What you should give back is a precise copy of the lines below from the one containing "Рашгард Venum Tecmo" through the one containing "Rundgang über den", with no pictures.

········

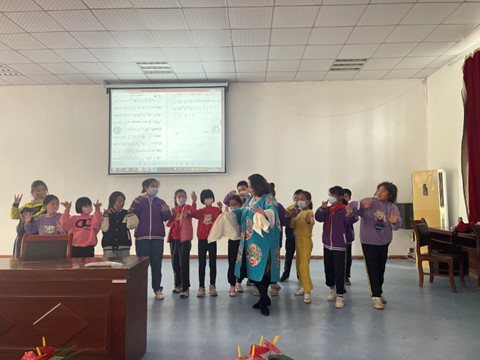 圖為賢繼紅老師在向?qū)W生們傳授茂腔的基本動作手勢。張昕 供圖
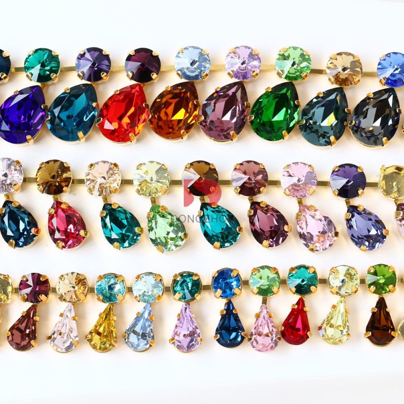 Drop and round rhinestones cup chains
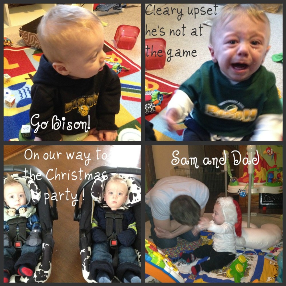 Such cute pictures, Trish! Looks like they both enjoyed their visit with Santa and Mrs. Claus. Such happy little boys-with the exception of not being able to watch those Bison and Mommy trying to put that cute Santa hat on. What a fun holiday you will have with these two precious little boys!
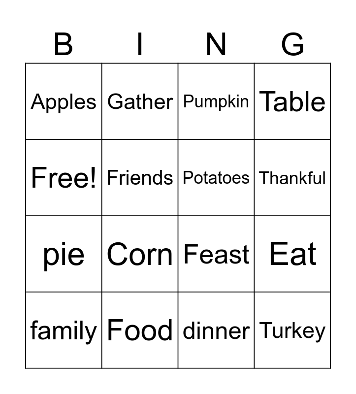 This bingo card has 16 words: Food, Eat, Pumpkin, Apples, pie, Gather, Feast, dinner, Free!, Friends, family, Table, Corn, Thankful, Potatoes and Turkey.
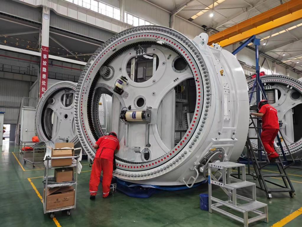 6月5日,金风科技股份有限公司盐城大丰总装车间内,工人在生产线上忙碌。新华社记者 柯高阳 摄
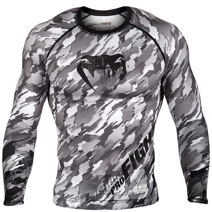 Рашгард Venum Tecmo это настоящая камуфляжная форма для солдата смешанных единоборств, отличающаяся мощным арсеналом технологий, удобным кроем и износостойким материалом.
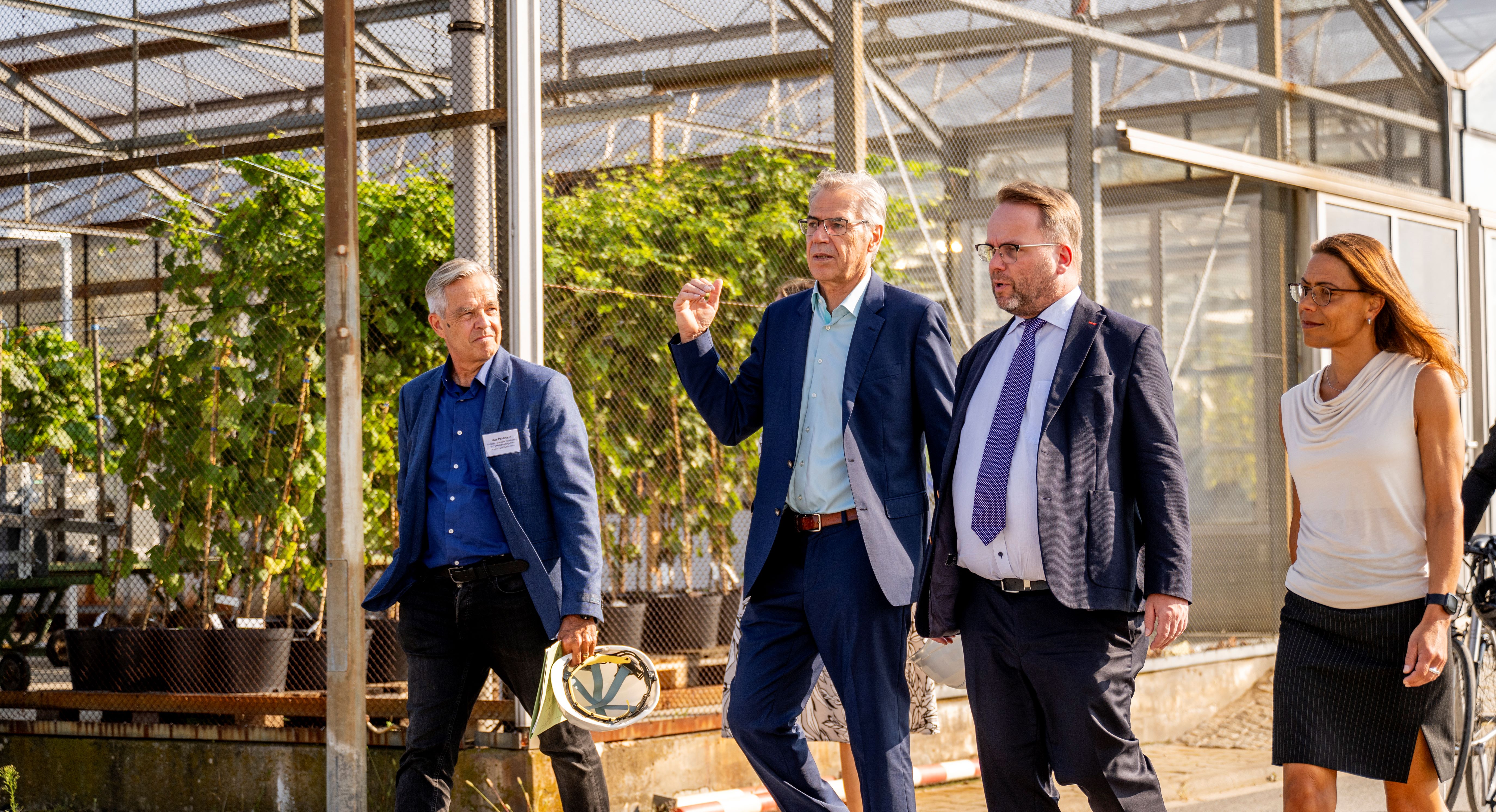Rundgang über den Campus (v.l.n.r.): Uwe Pohlmann (Ingenieur an der Hochschule Geisenheim), Prof. Dr. Hans Reiner Schultz (Präsident der Hochschule Geisenheim), Timon Gremmels (Hess. Wissenschaftsminister), Marion Waldeck (Kanzlerin der Hochschule Geisenheim). (Quelle: Torsten Silz / Hochschule Geisenheim)
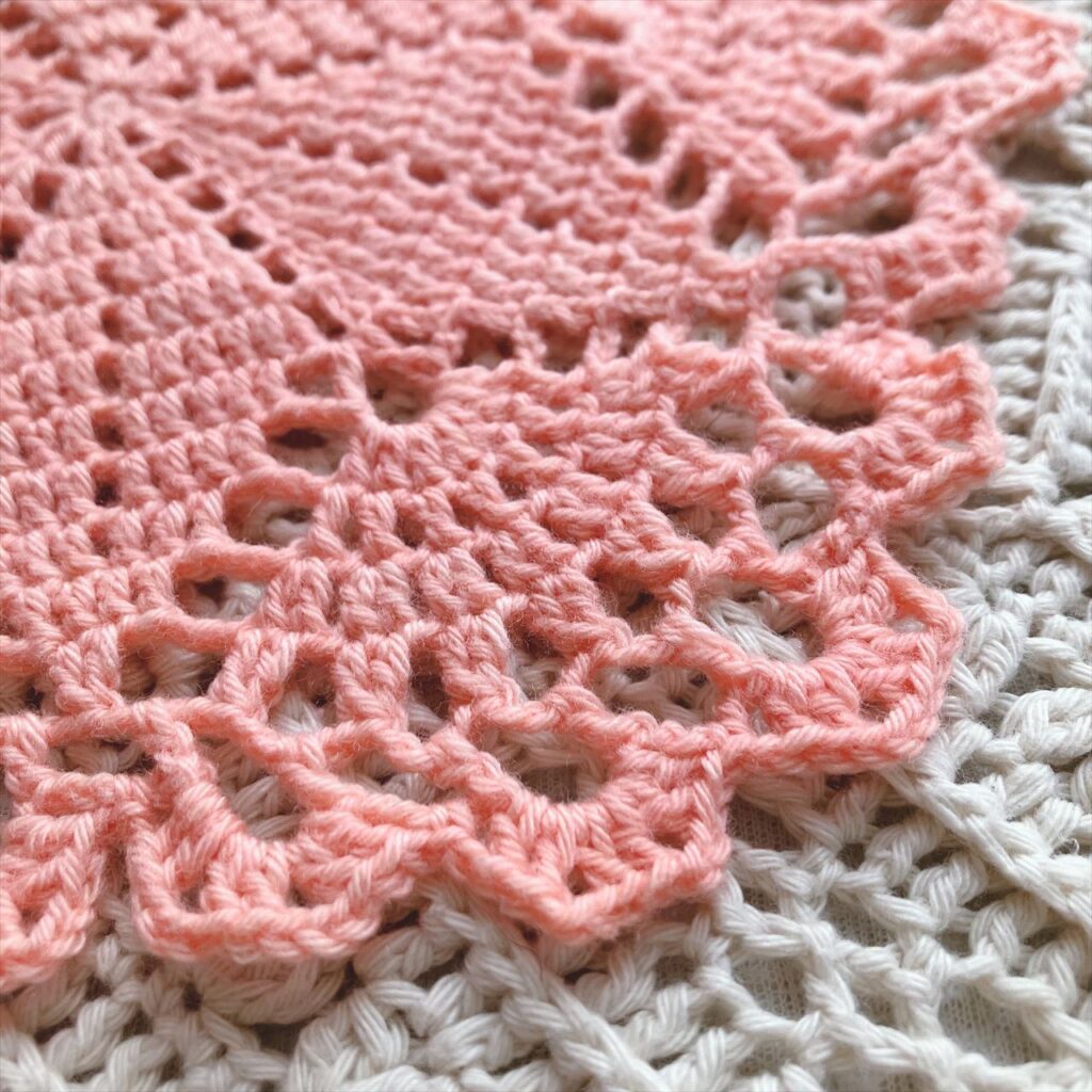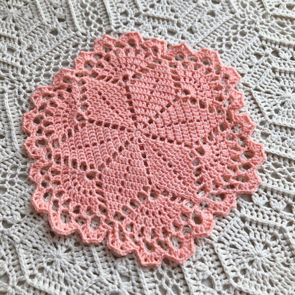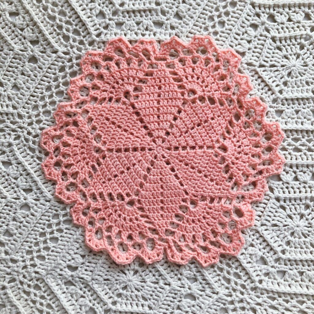 大輪の花のようにも見える中心の模様と、後半の葉っぱ模様の対比がとても楽しいドイリーです。
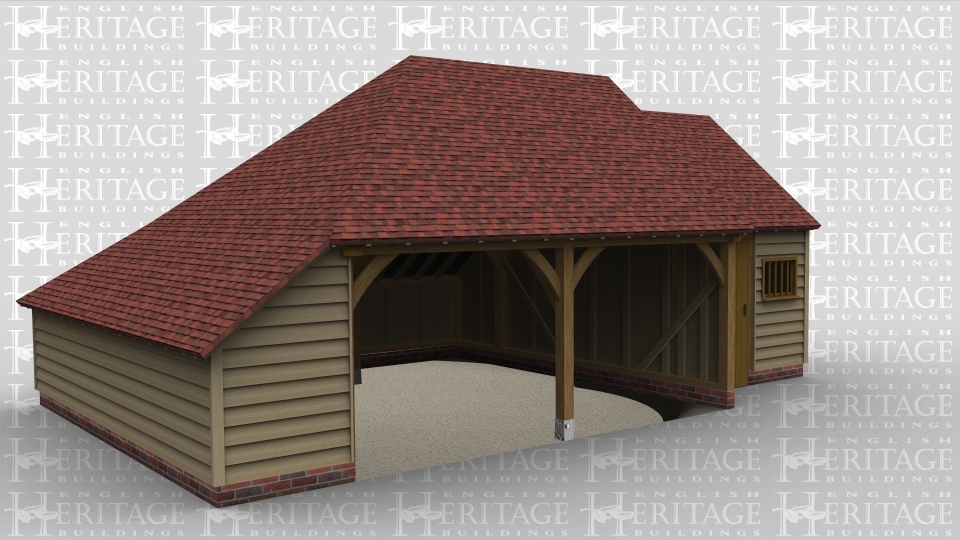 A 3 bay oak framed garage made up of 2 frames. The first frame is 2 bays in size with the front left open with an internal aisle on both the left and rear. The second frame is a single bay in size also with an internal aisle at the rear as well as a solid single dor and a mullion window at the front.
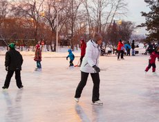 Вход на каток бесплатный. Работают пункты проката коньков, лыж, тюбов. Есть тёплое кафе.
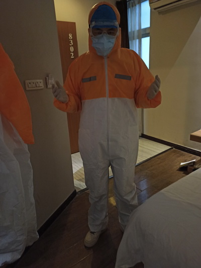仅一天时间,锦怡酒店隔离点的被隔离者已经达到105人,分别住在酒店的2-6楼,每天上午8:30和下午1:30开始为他们测量体温,询问健康状况、是否按时吃药等,整个工作完成需要2个小时左右。每天脱下隔离服,浑身是汗,连隔离服里面的羽绒服都湿透。
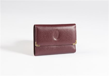 Lot 7 CARTIER Portafoglio bordeaux. Pelle. Cm 15,00 x 10,00. Portafoglio Cartier vintage in pelle bordeaux martellata, dettagli dorati hardware agli angoli della patta a chiusura con bottone a pressione, logo Cartier impresso al fronte. All'interno, una tasca aperta per le banconote, una tasca con aperture porta carte, un borsellino per le monete con chiusura a scatto in hardware dorato, logo Cartier in caratteri dorati all'interno.
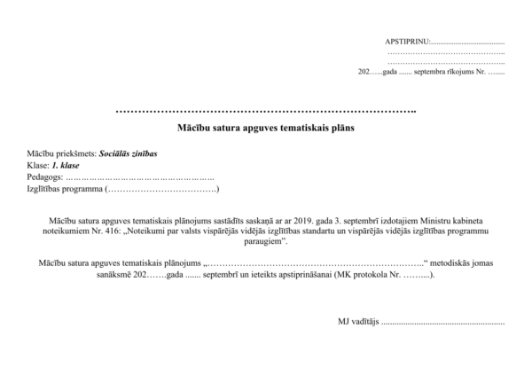 Tematiskais plānojums sociālajās zinībās 1. klasei
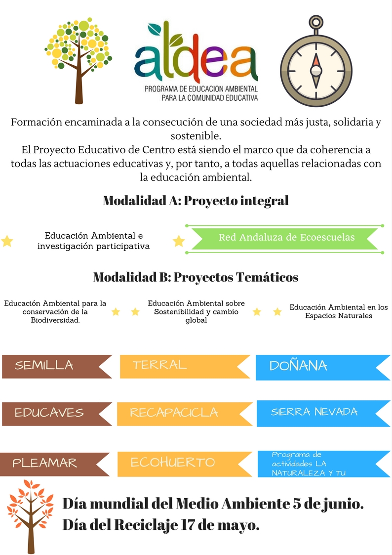 Para ampliar la información sobre el Programa ALDEA de la Junta de Andalucía puede visitar los siguientes enlaces, en ellos encontrará el catálogo de 2021-2022 ALDEA y la Web de la Consejería de Educación para el Programa de Educación Ambiental para la Comunidad Educativa
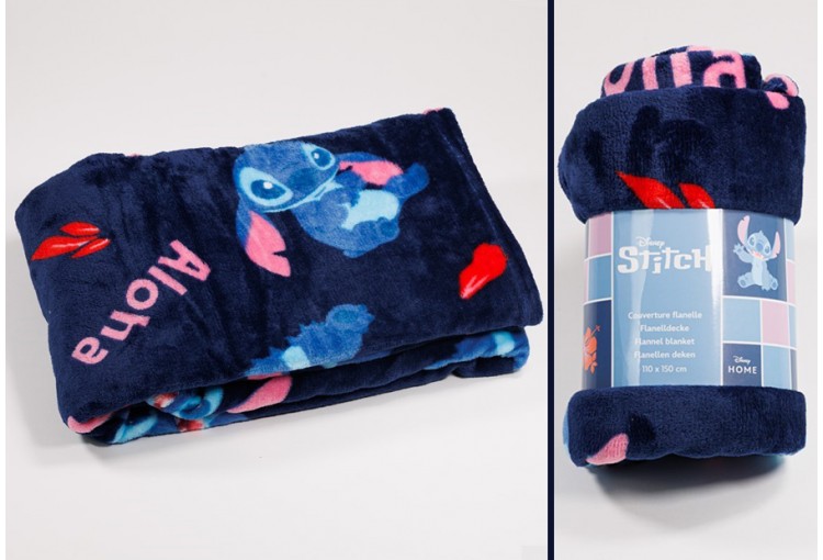 Manta plaid en tejido de coralina de la marca Disney. Manta estampada en licencia oficial de Stitch. Tamaño: 110x150 cm. Tacto muy agradable y suave. Tejido cálido, el calor que no pesa. Packaging enrollada en blister de cartón impreso.
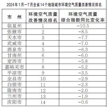 2024年1月—7月,全省14個地級城市環(huán)境空氣質量改善情況排名由好到差分別為:臨夏州、張掖市、天水市、武威市、酒泉市、甘南州、定西市、嘉峪關市、平涼市、金昌市、白銀市、隴南市、蘭州市、慶陽市。
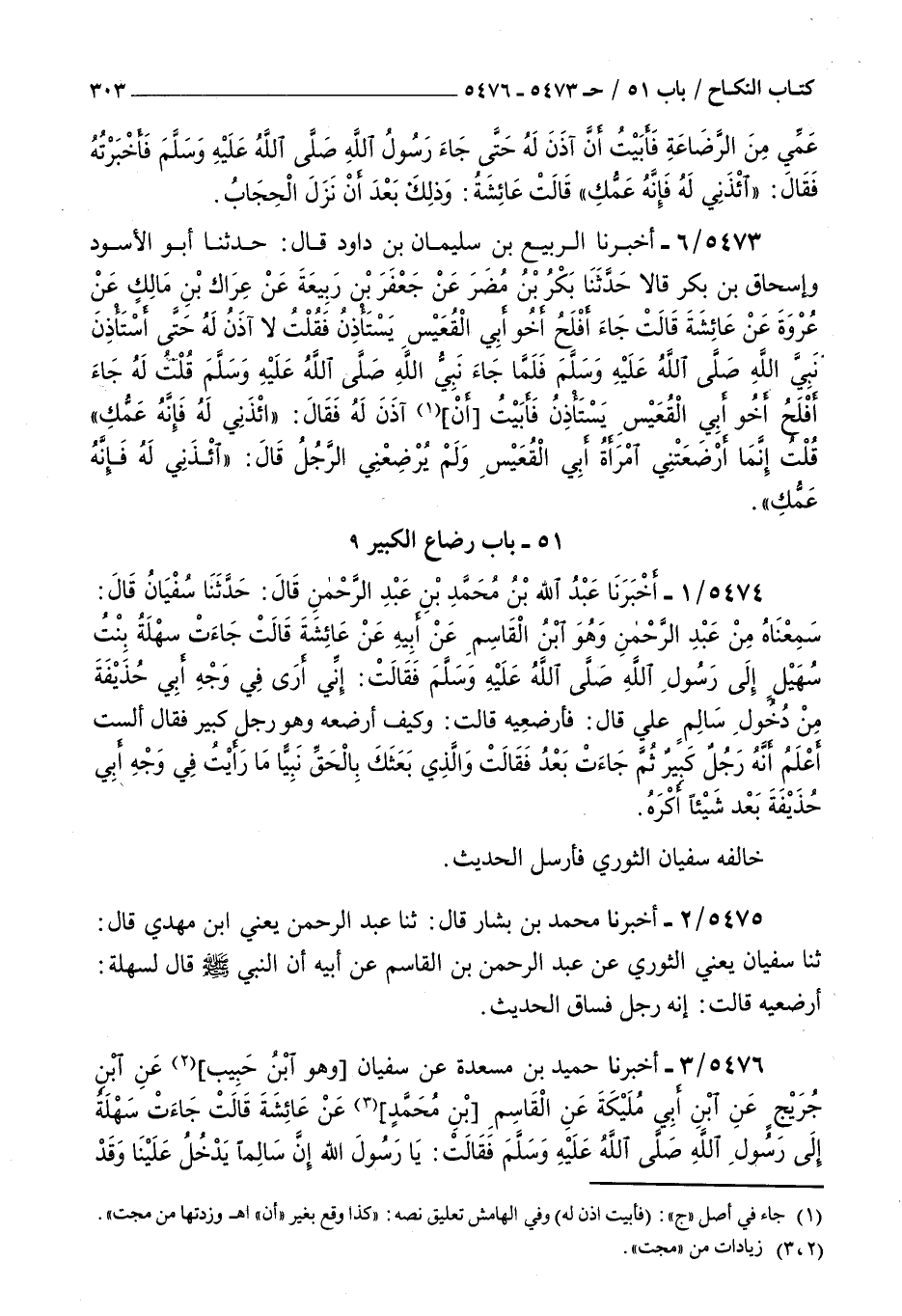5473 - أخبرنا الربيع بن سليمان بن داود قال حدثنا أبو الأسود وإسحاق بن بكر قالا حدثنا بكر بن مضر عن جعفر بن ربيعة عن عراك بن مالك عن عروة عن عائشة قالت : جاء أفلح أخو أبي القعيس يستأذن فقلت لا آذن له حتى استأذن نبي الله صلى الله عليه و سلم فلما جاء نبي الله صلى الله عليه و سلم قلت له جاء أفلح أخو أبي القعيس يستأذن فأبيت أن آذن له فقال ائذني له فإنه عمك قلت إنما أرضعتني امرأة أبي القعيس ولم يرضعني الرجل قال ائذني له فإنه عمك

········

[ANSWER TO THE EXERCISE]:
 Рашгард Venum Tecmo это настоящая камуфляжная форма для солдата смешанных единоборств, отличающаяся мощным арсеналом технологий, удобным кроем и износостойким материалом.
Rundgang über den Campus (v.l.n.r.): Uwe Pohlmann (Ingenieur an der Hochschule Geisenheim), Prof. Dr. Hans Reiner Schultz (Präsident der Hochschule Geisenheim), Timon Gremmels (Hess. Wissenschaftsminister), Marion Waldeck (Kanzlerin der Hochschule Geisenheim). (Quelle: Torsten Silz / Hochschule Geisenheim)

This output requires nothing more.